After some reflection and further experimentation, I found out that if one looks instead at the $2$-Selmer ranks, there is even a stronger pattern: they seem to agree for all primes $p>2$.

I verified this using the following code, written in sage:

for p in primes(100):
    E1 = EllipticCurve(QQ,[0,p^3])
    E2 = EllipticCurve(QQ,[0,-p^3])
    print("p = "+QQ(p).str()+":"),
    rank1 = E1.selmer_rank()
    rank2 = E2.selmer_rank()
    print([rank1,rank2])

which gives

p = 2: [2, 1] p = 3: [1, 1] p = 5: [1, 1] p = 7: [2, 2] p = 11: [2, 2]
p = 13: [1, 1] p = 17: [1, 1] p = 19: [2, 2] p = 23: [2, 2] p = 29: [1, 1]
p = 31: [2, 2] p = 37: [3, 3] p = 41: [1, 1] p = 43: [2, 2] p = 47: [2, 2]
p = 53: [1, 1] p = 59: [2, 2] p = 61: [3, 3] p = 67: [2, 2] p = 71: [2, 2]
p = 73: [1, 1] p = 79: [2, 2] p = 83: [2, 2] p = 89: [1, 1] p = 97: [1, 1]
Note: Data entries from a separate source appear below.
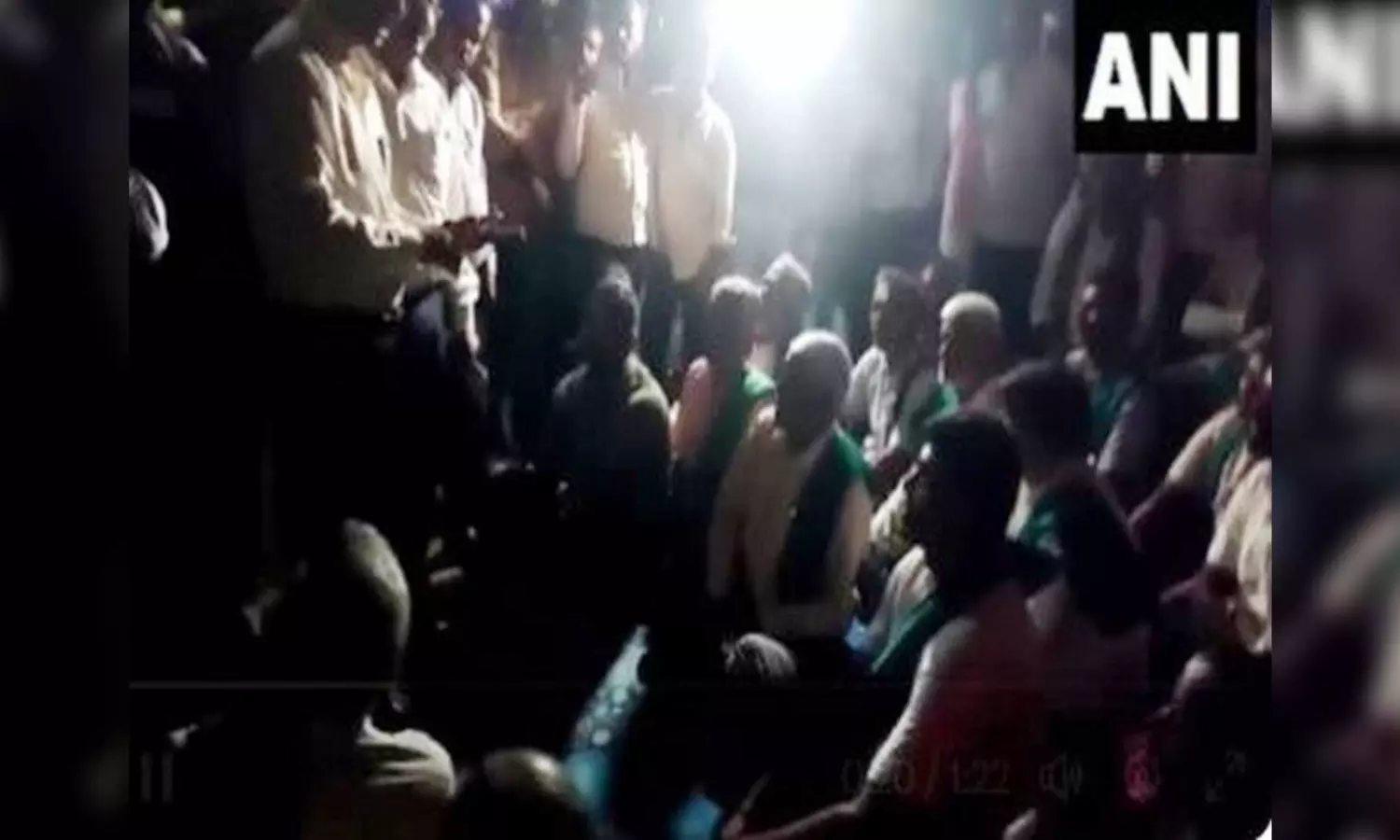 Farmers in Mandya staging a late-night protest on Wednesday against CWRC's recommendation (Photo/ANI)
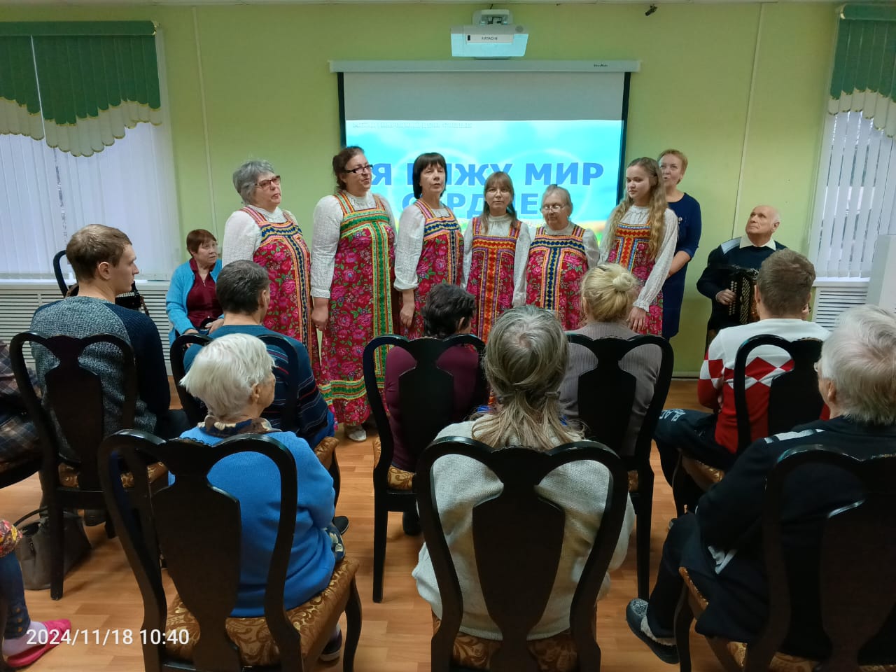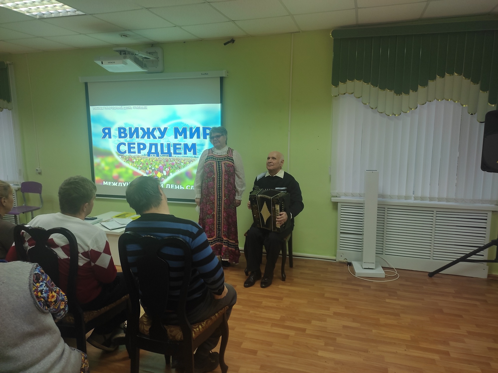 Собравшиеся в зале с большим удовольствием послушали наигрыши, лирические песни, частушки в исполнении инвалидов по зрению Сергея Сизова и Натальи Кляузовой, песенные произведения в исполнении вокального ансамбля «Калинушка» Кинешемской МО ВОС под руководством Сергея Болотова.
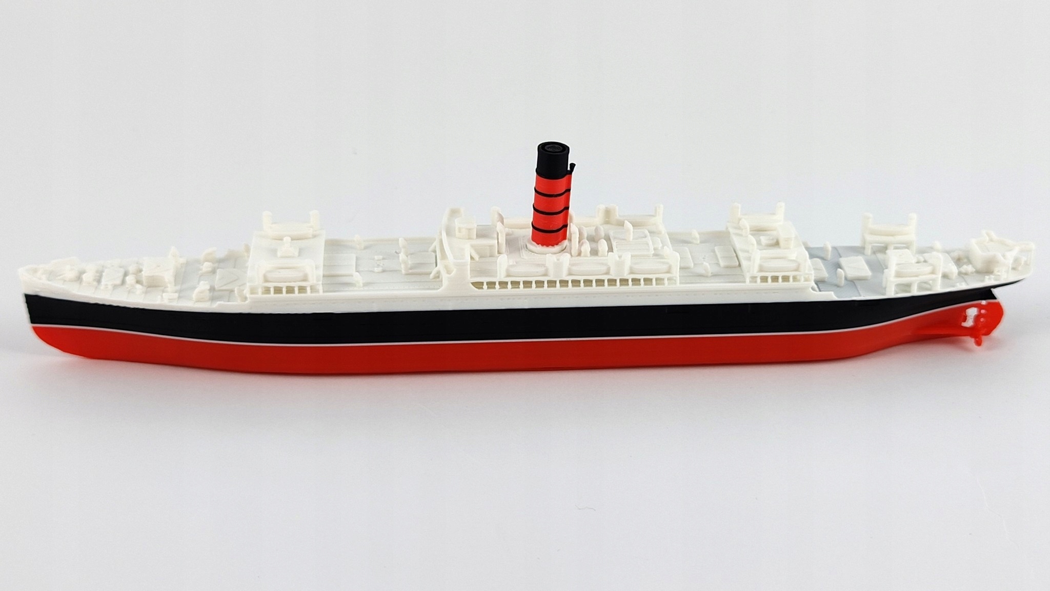 Модель не призначена для плавання - не має баласту і легко падає. Однак матеріал PLA стійкий до короткочасного контакту з водою, що ідеально підходить для гри під наглядом. Не залишайте модель у воді надовго - після контакту з водою ретельно висушіть її.
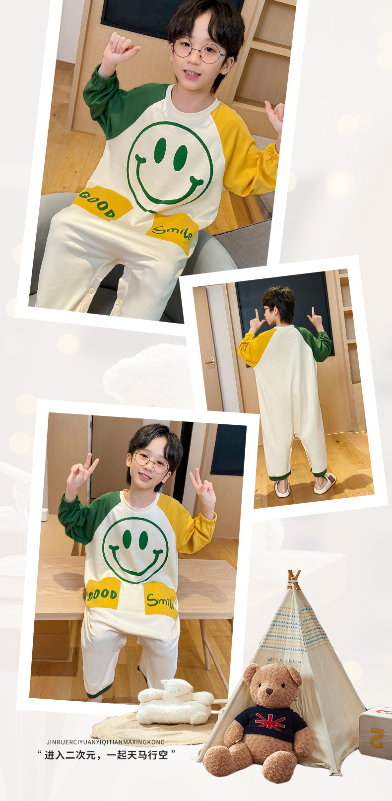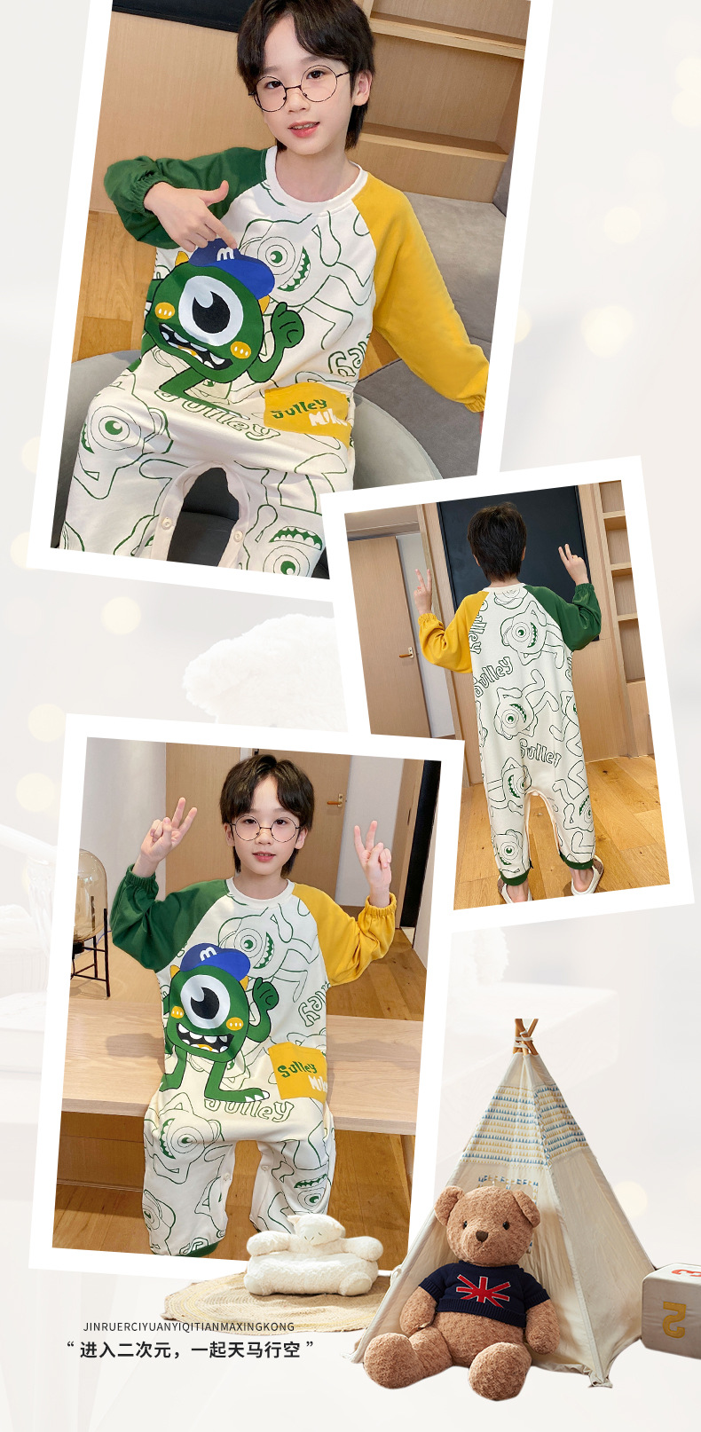 Children s sleeping bag pure cotton spring and autumn anti kick quilt male and female baby one piece home clothes pajamas air conditioned room Four Seasons Universal
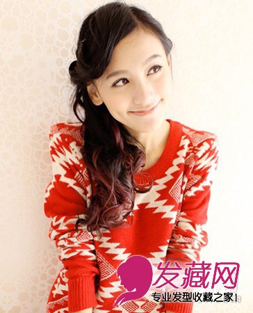 小编点评:将刘海与两侧的头发制造出半圆弧度用发夹固定在一侧,显得非常清新开朗活泼的感觉,将烫上了螺旋式大卷的长发放置在一侧肩头,充满小女人的性感妩媚。
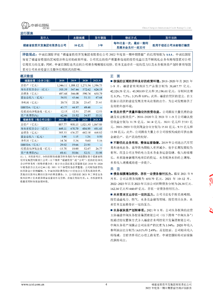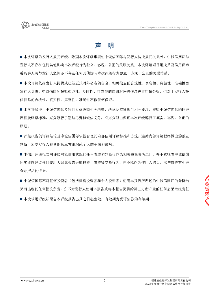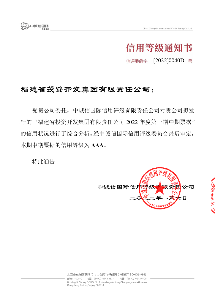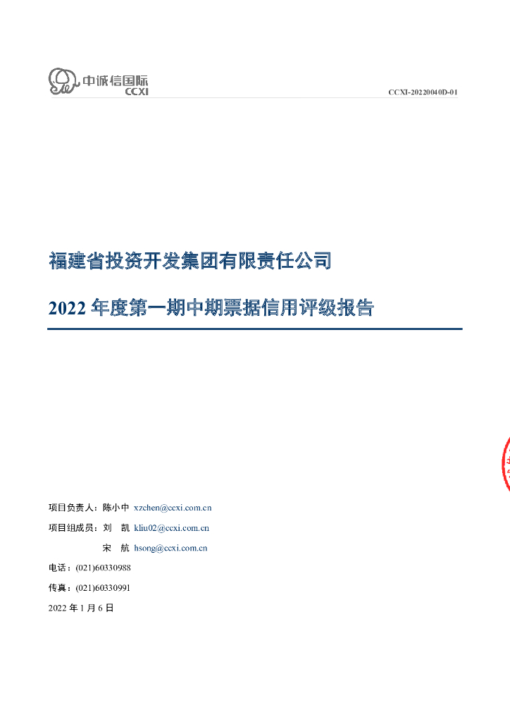 中诚信:福建省投资开发集团有限责任公司2022年度第一期中期票据债项信用评级报告.pdf
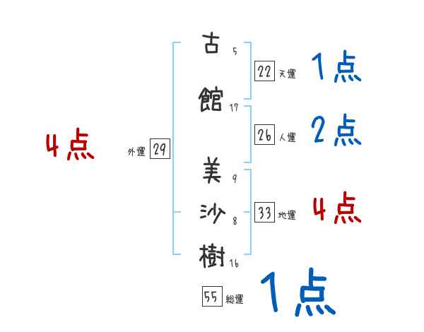 天運![]() | 古館美沙樹さんの天運は22画の1つ星!努力することが苦手ないっぽう手先が器用。芸術性にも優れる。 家系が持つ宿命的な運勢を表します。祖先から受け継いだ苗字ですので自分の力が及びません。家柄を象徴します。 |
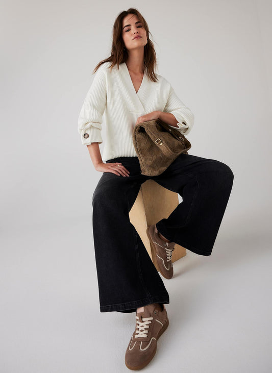 Neutral Cotton Blend Scarf Detail Knit Jumper
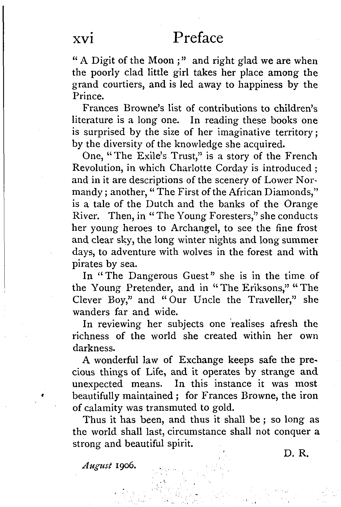 A wonderful law of Exchange keeps safe the precious things of Life, and it operates by strange and unexpected means. In this instance it was most beautifully maintained; for Frances Browne, the iron of calamity was transmuted to gold.
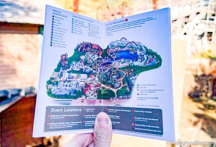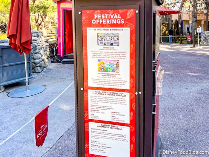 We were visiting California Adventure when we noticed that some of the festival booths were already open! There are signs around the park with the festival offerings…
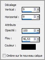 9 - Effets/Effets 3D/Ombre Portée : 9/ 9/ 100/ 46,53/couleur #000000
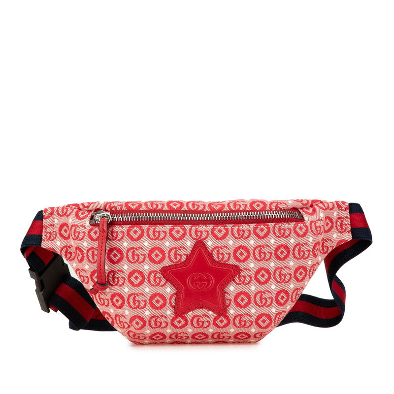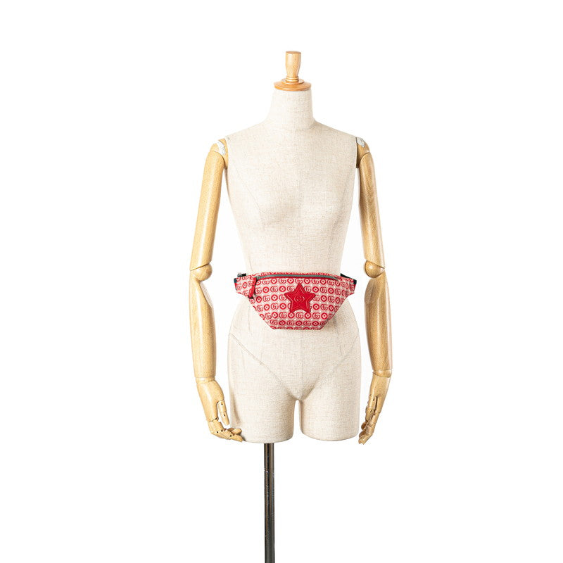 グッチ GGロゴ チルドレンズ スター ウエストバッグ ボディバッグ 502095 レッド キャンバス レザー レディース GUCCI 【中古】
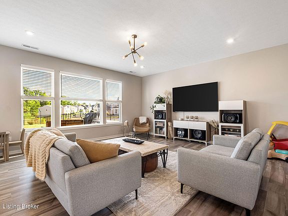 Don't miss your chance to see this stunning 4 bedroom, 2.5 bath home nestled in the Bridle Run neighborhood! This home boasts a 2 car attached garage with built in shelving and a spacious open floor plan that is perfect for entertaining. When you enter the home you will notice the convenient home office right off the foyer offering French doors that allow for plenty of natural light. The living area, dining area, and kitchen are all open to one another and feature decorative designer light fixtures. You will love the flooring that offers an acoustic pad and is also waterproof and pet proof. In the kitchen you will find an oversized island and sink as well as GE Profile stainless steel appliances. The dining area is lined with a wall of windows that look out to the fenced in back yard. Make your way upstairs where you will find a convenient sitting area outside of the bedrooms, perfect for reading or relaxing. The primary bedroom is truly a retreat offering a convenient en suite bathroom with a double sink vanity and extra large soaking tub as well as a glass shower with a bench seat. You will love the spacious walk-in closet that allows ample storage space for clothing and accessories. There are 3 additional bedrooms and a second full bathroom with a convenient shower/tub combo. All of the bedrooms have matching Hunter Symphony premium fans with WiFi capability for added comfort. You will enjoy the patio within the fenced in back yard that boasts attractive black aluminum fencing installed in 2023. The yard has a border of arborvitae and azaleas that will mature into a natural perimeter providing added privacy. The garage door is a smart door that can be operated by an app for easy entry. Make sure you get a chance to see this amazing home while it is still available - schedule a private tour today!
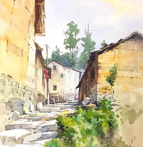 控制混色种类是基础。水彩的通透感源于颜色的纯粹性,混色种类越多,越容易偏向浑浊的灰色调。新手应严格遵循“三色原则”,单次调色最多使用三种颜色。比如调清新的草木绿,黄色加蓝色就足够;想营造暖调绿,只需少量添加赭石,切忌将红、黄、蓝等多种颜色随意混合,否则极易调出脏色。同时要遵循色环规律,优先选择120度夹角内的邻近色混色,比如橙与紫、黄绿与蓝,这类颜色搭配和谐,不易产生冲突。
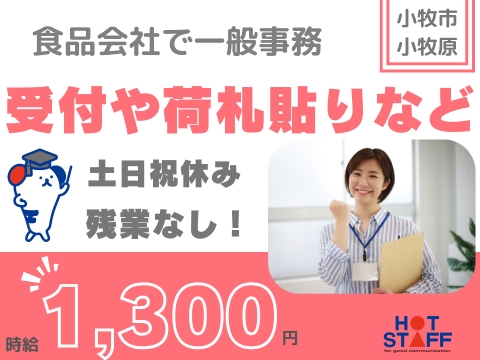 土日祝休み◎/残業なし/食品会社で受付や荷札貼りなどの一般事務

I have been trying to prove this by following a case distinction according to the residue class of $p$ modulo $12$, and performing a partial $2$-descent for each case, but I keep getting distracted by the thought that there must be a neater explanation that I'm missing. Hence my question:

Is there?

Edit: It might be useful to note that similar Sage experiments suggest that also (a) the $2$-Selmer ranks of the elliptic curves $y^2=x^3 \pm p$ and $y^2=x^3 \mp p^5$ agree for all $p>2$ and (b) the $2$-Selmer ranks of the elliptic curves $y^2=x^3 \pm p^2$ and $y^2=x^3 \mp p^4$ agree tot all $p>2$.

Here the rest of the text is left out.